“Should I sell my business?” one might wonder after several years of business operations not achieving the goal for the company—or worse, not churning out any profits. It is a viable choice to sell the business because you might just incur further losses if you do not. As we all know, it is very hard to survive when you are swimming in tons of debts. However, do not be so quick on selling your business. You might still turn this thing around.
If your business has a good office space, you might consider converting it into a long-term rental property. Remember that your property still has a value and you might want to capitalize on it, especially if the office is located near commercial and essential establishments. It is also a plus if it is very accessible.
Making your business real estate a long-term rental property in Australia can provide you with a stable and consistent revenue stream without even working every day. It is like having a regular pension even before retiring. However, there are many things you need to remember to make this new venture successful.
Here are some of the things you should take into account when opting to have a long-term rental property in Australia.
Setting the Rental Rate For the Long-Term Rental Property
When pricing the rental rate, you have to consider the following:
- size of the property
- functions of the property
- location of the real estate
These are the primary factors you need to consider so you can come up with a reasonable rental rate. At the same time, you also put in mind the market value of the nearby properties in your location. Make sure that it is competitive enough to attract tenants.
It is also wise to make a comparative market analysis to give you further insight on how to compute the rental rate. After doing so, you can also compute how much will be your earnings after a particular period. You might also adjust the rental rate according to your financial goals, if possible.
Picking the Suitable Tenants for Your Long-Term Rental Property
Having the right tenants in your real estate can give you a fortune. Remember that they are a source of income, so you might want someone who meets payment deadlines consistently. You would not want a bad tenant who caused damage on the rental property because it will cost you as well.
You would also not want a tenant who does not intend to stay for a long time. The period you spent looking for another tenant means loss of rental income as well.

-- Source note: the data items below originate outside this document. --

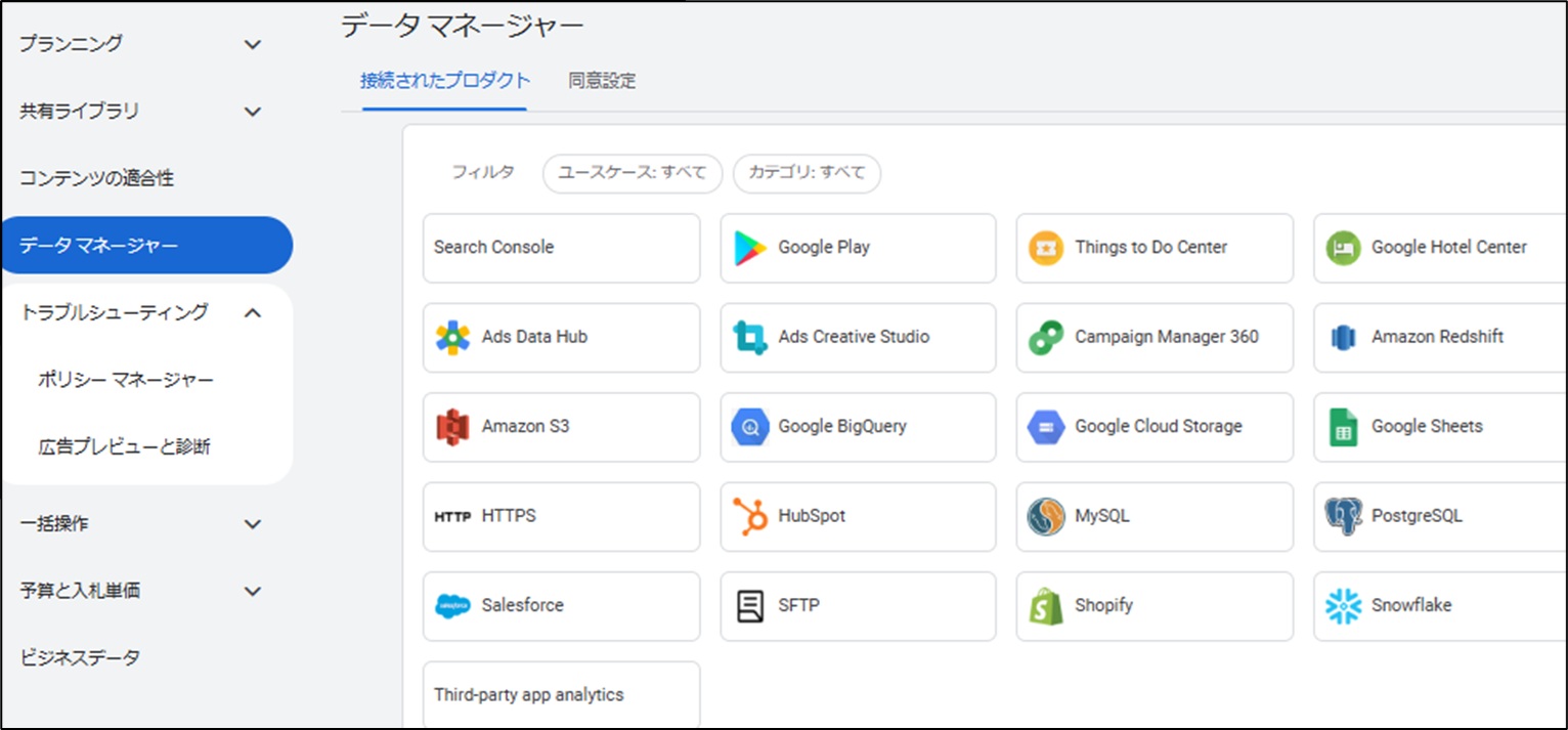 Google広告の「データマネージャー」から連携したいツールを選んで、連携作業を進めていきます。
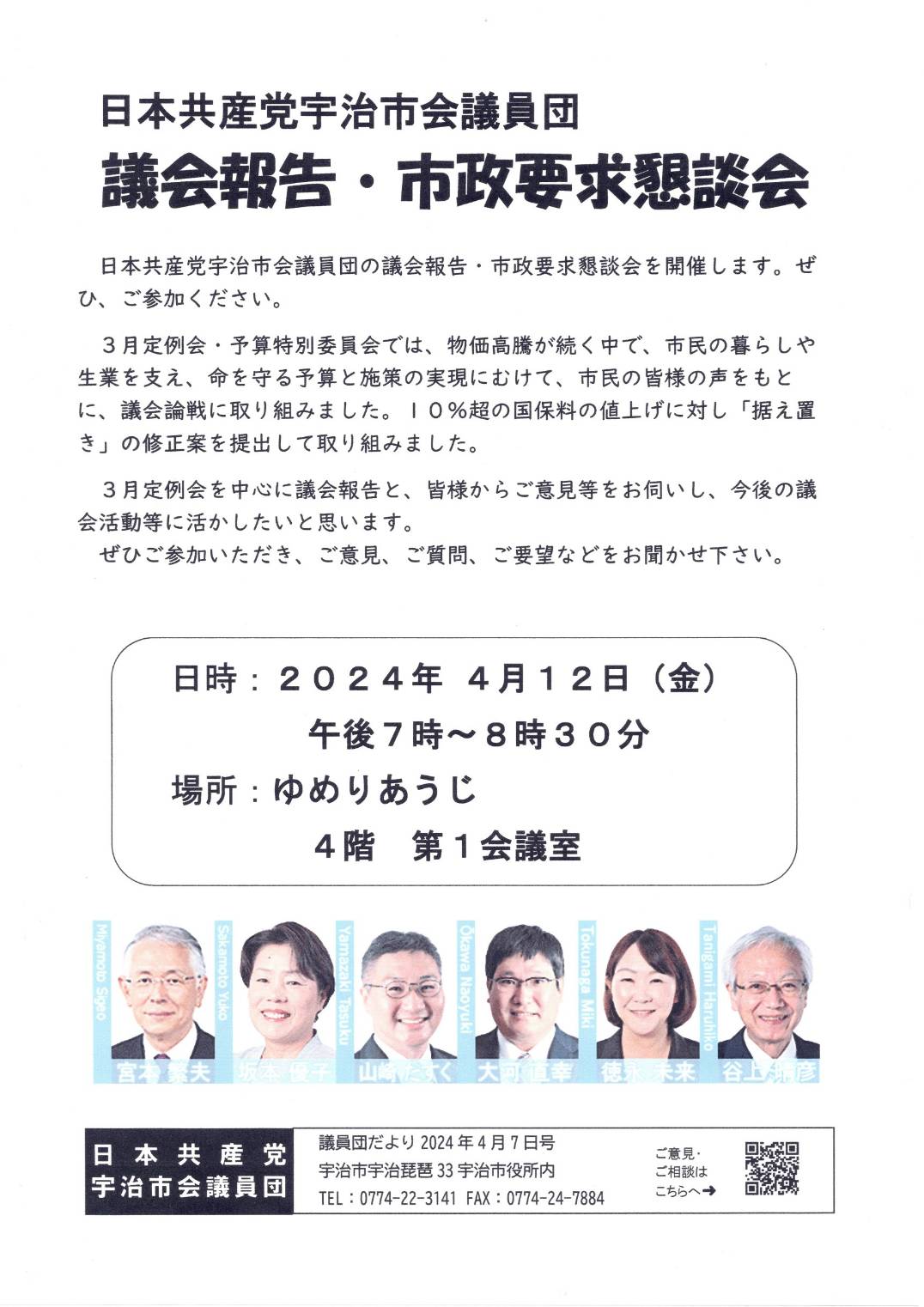 2024年4月12日にゆめりあうじで議会報告・市政要求懇談会を実施しました。
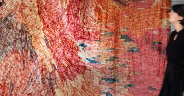 Inspirándose en las selváticos trazos y el exuberante e idealizado verdor de “Woman Walking in an Exotic Forest”, del autodidacta Rousseau, Palomo construye un psicodélico viaje a través de la selva.
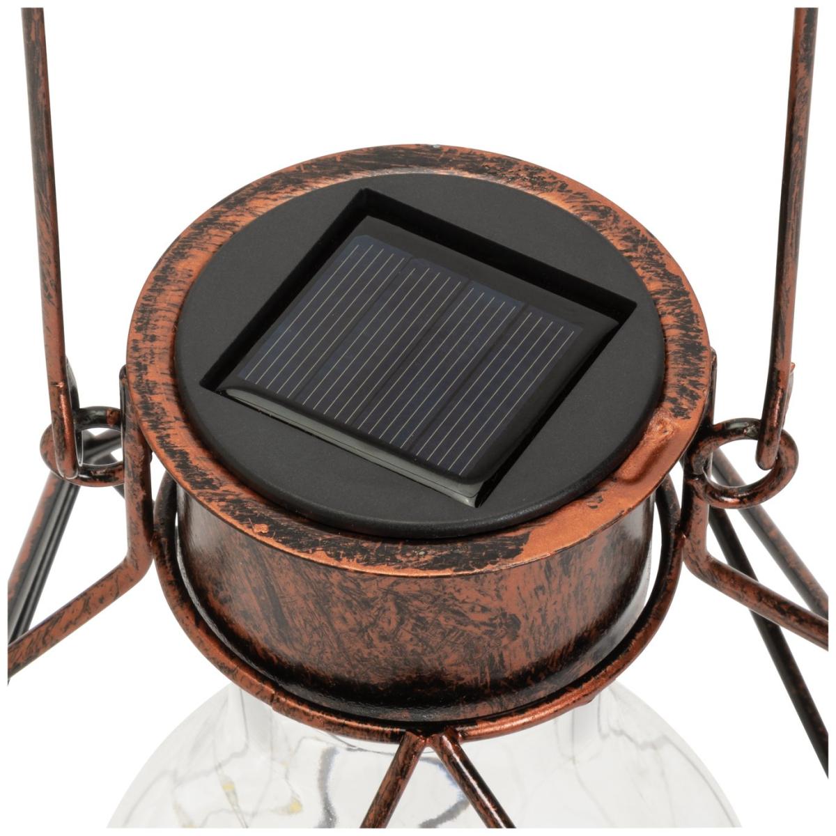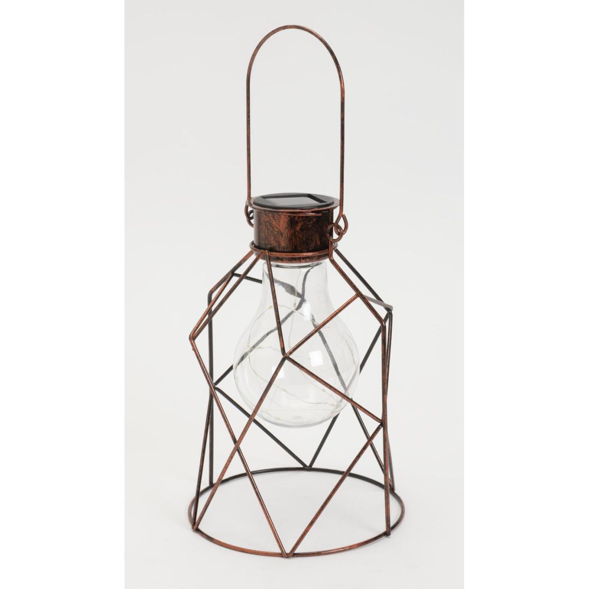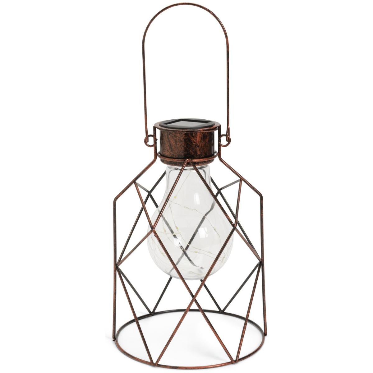 Give your garden a touch of industrial flair. This solar-powered light features a retro looking bulb in a bronzed metal cage shade. Hang in a tree, place on a table. Fully charged, it'll shine for up to 6 hours. Looking to bring more after dark ambience to your outside space? Browse our glowing collection of solar string lights. Solar powered. 1 lights included in the pack. Includes handle for hanging light. On and off switch. Automatically turns on at dusk. 6 hours run time if fully charged. 8 hours of full sun light required to fully charge battery. Battery is recharged via the solar panel. Requires 1 x rechargeable battery (included). LED bulbs (included). Size: H25.5cm, W17.5cm, D17.5cm. Warm white light emitted. Suitable for outdoor use only. 1 year manufacturer's guarantee.
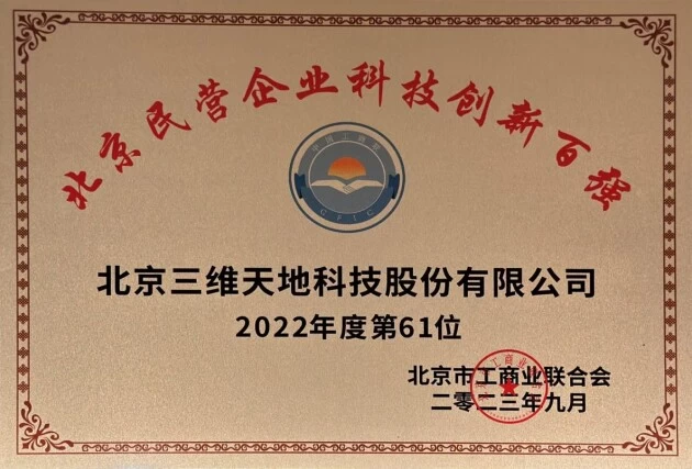 9月21日,由北京市工商业联合会、丰台区人民政府联合举办的2023北京民营企业100强发布会成功召开,正式公布2022年度北京民营企业百强“1+4”榜单。三维天地成功入选年度“北京民营企业科技创新100强”榜单,列居第61位。
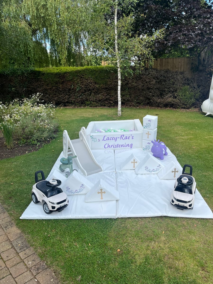 Make your next celebration truly unforgettable with our luxurious personalised white soft play in. Perfect for birthdays, baby showers, christenings, and any special occasion, our white soft play package offers a modern, stylish, and safe entertainment option for your little guests.

To get to know the tenant prior to the signing of the rental contract, you can do the following:
- conduct a personal interview
- do background checks
- look into credit score review
- ask for landlord referrals, if necessary
Evaluating the Rental Property Expenses
Among the things you should really watch out for is your expenses, like in any business. You would not want to be incurring more expenses than you are earning money—that just means you are not generating profits at all. Here are some real estate investing tips to help you save some money:
- Study the rental property tax deductions so you can apply them in your business.
- Always keep up with the maintenance of the long-term rental property.
- Perform regular checkups of the property to avoid serious damages.
- If you have extra money, do some enhancements in the property to maximize the rental rate.